_What this task involves:_ Take every record and write it out again exactly, with no images included.

_Extracted data:_
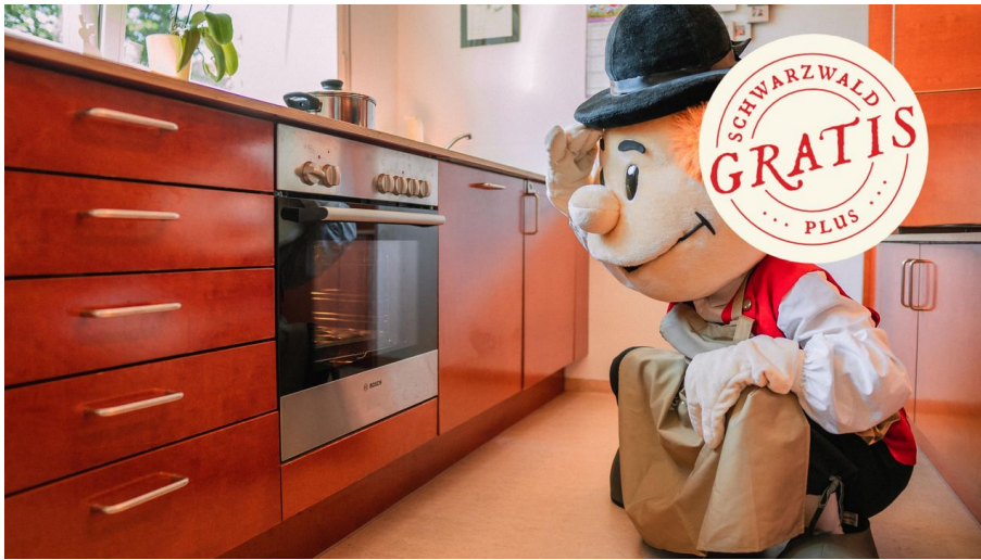
Murgel backt - © Baiersbronn Touristik/ Max Günter
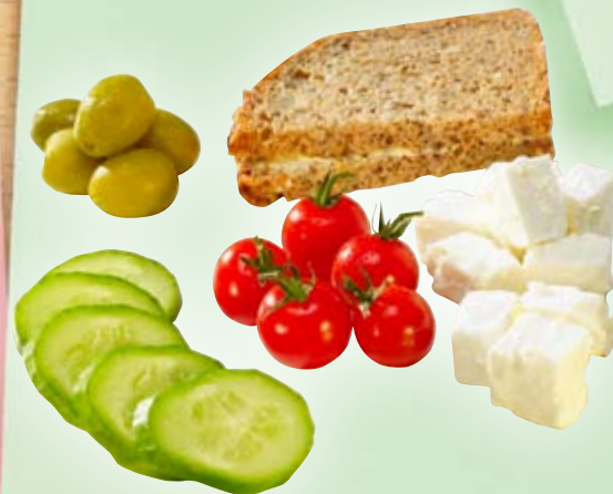
Mehrkornbrot, Schafskäse, Oliven, Gurke und Cocktailtomaten
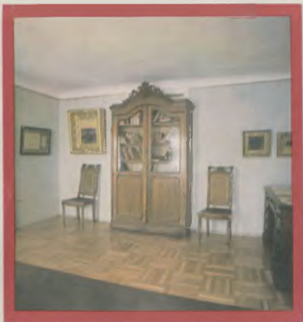
Экспозиция, посвященная путешествию В. В. Верещагина по северу России. Фрагмент
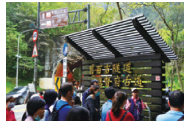
▲ 北橫公路的百吉隧道口旁就是進入後慈湖的步道入口。

我們沿著隧道上方的木棧道進入百吉林蔭步道，這條林蔭步道最早叫做「石龜坑古道」，臺語稱其「蹦孔歧」，全長約 3 公里，是一條 O 字環狀路線。古道的最
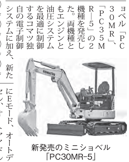
新発売のミニショベル「PC30MR-5」

ヨベル「PC30MR」の「PC35MR-5」の2機種を発売した。両機種ともエンジンと油圧システムを最適に制御するコマツ独自の電子制御システムに加え、新たにEモード、オートアイドルストップ機能、ダイヤル式燃料コントロールを採用、従来機の作業性能を維持しながら燃料消費量を7%低減した。 また作業機レバーユニットラル検出機能、セカンダリエンジン停止スイッチ、およびシートベルト未装着警報などを新たに追加し安全性を高めた。さらに多くの情報を見やすく表示する3.5インチカラー液晶多機能モニターが取得可能なデータが大幅に増えたKOMTRAXの装備により、機械稼働の「見える化」を推進。キャブ仕様では、新設計の大型ドアの採用やエアコンを標準装備、より快適なオペレータ空間を実現。国土交通省第3次排出ガス基準にも適合して
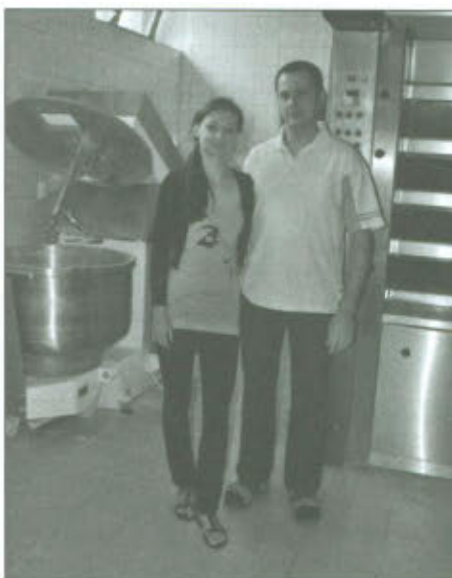
Piekarnia w Wilkowicach

prace robotnikom. W markecie zatrudnienie znajdzie kilkanaście osób, a klienci na prawie 300 m 2 znajdą ponad 4 tysiące produktów.
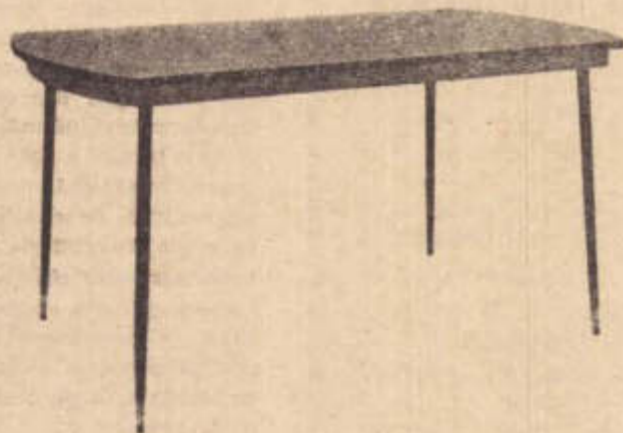
MESA ELASTICA PRESIDENTE DE 1,50 x 1,50 x 90 x 40 DESDE 2.970,00 POR MÊS

Oferece a você a oportunidade unica de comprar sua copa formica pelo preço de fabrica em 10 pagamentos sem acrescimo
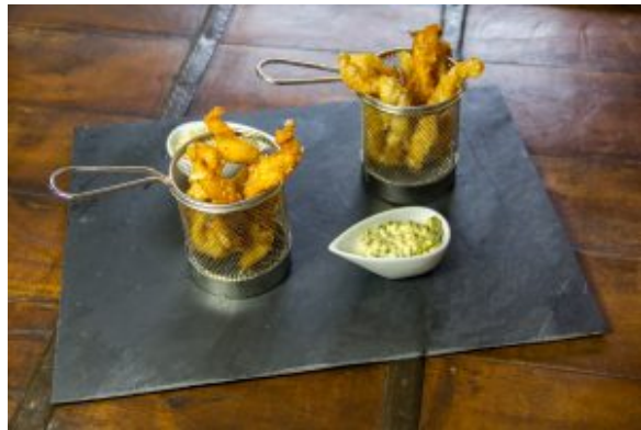
Croquettes de sole sauce gribiche

_Completed exercise:_
Murgel backt - © Baiersbronn Touristik/ Max Günter
Mehrkornbrot, Schafskäse, Oliven, Gurke und Cocktailtomaten
Экспозиция, посвященная путешествию В. В. Верещагина по северу России. Фрагмент
▲ 北橫公路的百吉隧道口旁就是進入後慈湖的步道入口。

我們沿著隧道上方的木棧道進入百吉林蔭步道，這條林蔭步道最早叫做「石龜坑古道」，臺語稱其「蹦孔歧」，全長約 3 公里，是一條 O 字環狀路線。古道的最
新発売のミニショベル「PC30MR-5」

ヨベル「PC30MR」の「PC35MR-5」の2機種を発売した。両機種ともエンジンと油圧システムを最適に制御するコマツ独自の電子制御システムに加え、新たにEモード、オートアイドルストップ機能、ダイヤル式燃料コントロールを採用、従来機の作業性能を維持しながら燃料消費量を7%低減した。 また作業機レバーユニットラル検出機能、セカンダリエンジン停止スイッチ、およびシートベルト未装着警報などを新たに追加し安全性を高めた。さらに多くの情報を見やすく表示する3.5インチカラー液晶多機能モニターが取得可能なデータが大幅に増えたKOMTRAXの装備により、機械稼働の「見える化」を推進。キャブ仕様では、新設計の大型ドアの採用やエアコンを標準装備、より快適なオペレータ空間を実現。国土交通省第3次排出ガス基準にも適合して
Piekarnia w Wilkowicach

prace robotnikom. W markecie zatrudnienie znajdzie kilkanaście osób, a klienci na prawie 300 m 2 znajdą ponad 4 tysiące produktów.
MESA ELASTICA PRESIDENTE DE 1,50 x 1,50 x 90 x 40 DESDE 2.970,00 POR MÊS

Oferece a você a oportunidade unica de comprar sua copa formica pelo preço de fabrica em 10 pagamentos sem acrescimo
Croquettes de sole sauce gribiche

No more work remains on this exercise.